I should have realized what I was getting into.
I started reading Game Of Thrones just before the HBO series began. I’ve read each of the books in the series at least twice. My husband bought me Fire and Blood for Christmas and it had been a long time since I had read anything by GRRM, so I dove right in.
Firstly, let me say that I am always impressed by the world-building that is done by fantasy authors. I can’t fathom the amount of time and attention that is involved in creating maps and new words and regional dialects and family trees (etc, etc) in these books. This book is certainly no exception. It traces the first 150 or so years of the Targaryen dynasty in Westeros, beginning with Aegon the Conqueror and his sisters/wives. It is written in the form of an historical text and sourced by contemporaneous writings of scholars or clergy (or in several instances pornographic memoirs). It gives background for the books that have preceded it and is written in extreme detail.
But.
It is hard to see this book as much more than a stall. It feels like GRRM has either written himself in to a corner with the GOT books or really doesn’t know where to take them from here, and so he instead puts out content that is in the same (well-developed) world he has been writing in but that won’t effect events going forward. Bits of the writing were brilliant, and then there were bizarre touches that take you out of the story altogether. Come for the dragons, stay for the prominent family all named after Sesame Street characters! Or the Every-Eligible-Maiden plot from Cinderella! Did you think the incest favored by the Targaryens was just part of a desire to keep their blood pure? Nope! Let several sets of pre-teen siblings bawdily explain to their parents and courtiers how incest is best!

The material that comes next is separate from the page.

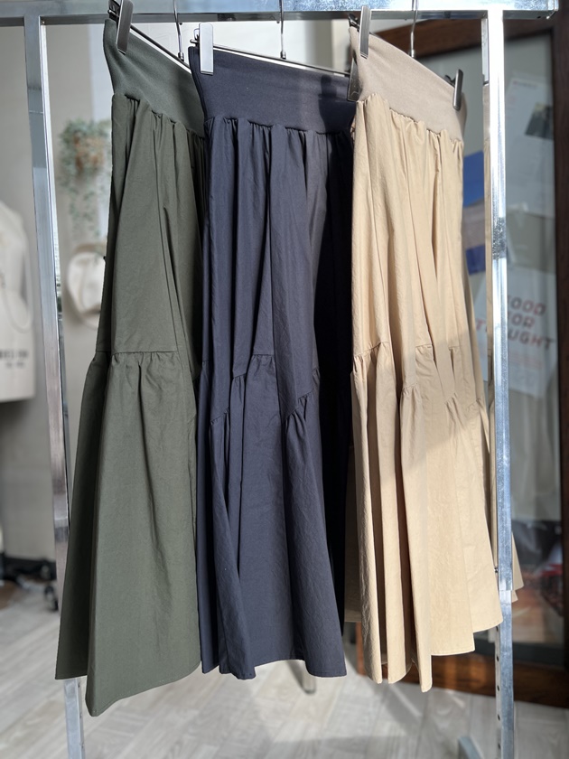 新たにブラックも追加した程の人気のギャザースカート♥ウエストがリブになったタイプのスカートはMANOではすっかり定番でリピーターさんの多いスカートです♪着丈が長い場合は、カットしてお直しも可能ですが、ウエストを半分追って頂ければ十分です。また、季節感のないコットン100%のお素材も人気の理由です★何にでも合わせやすいブラックが特に人気です。

One thing I did appreciate about this book was that it eliminated long descriptions of meals. Food was definitely mentioned, but it wasn’t several pages at a time of eel and lamprey pies and the smell of onions on a character’s beard. I did miss the first-person perspective of the GOT books, though.
There is plenty to like here, and a fair amount to pick apart. The worst bit, though? It wasn’t until I finished ALL 706 PAGES that I realized that this is THE FIRST IN A SERIES. I should have known.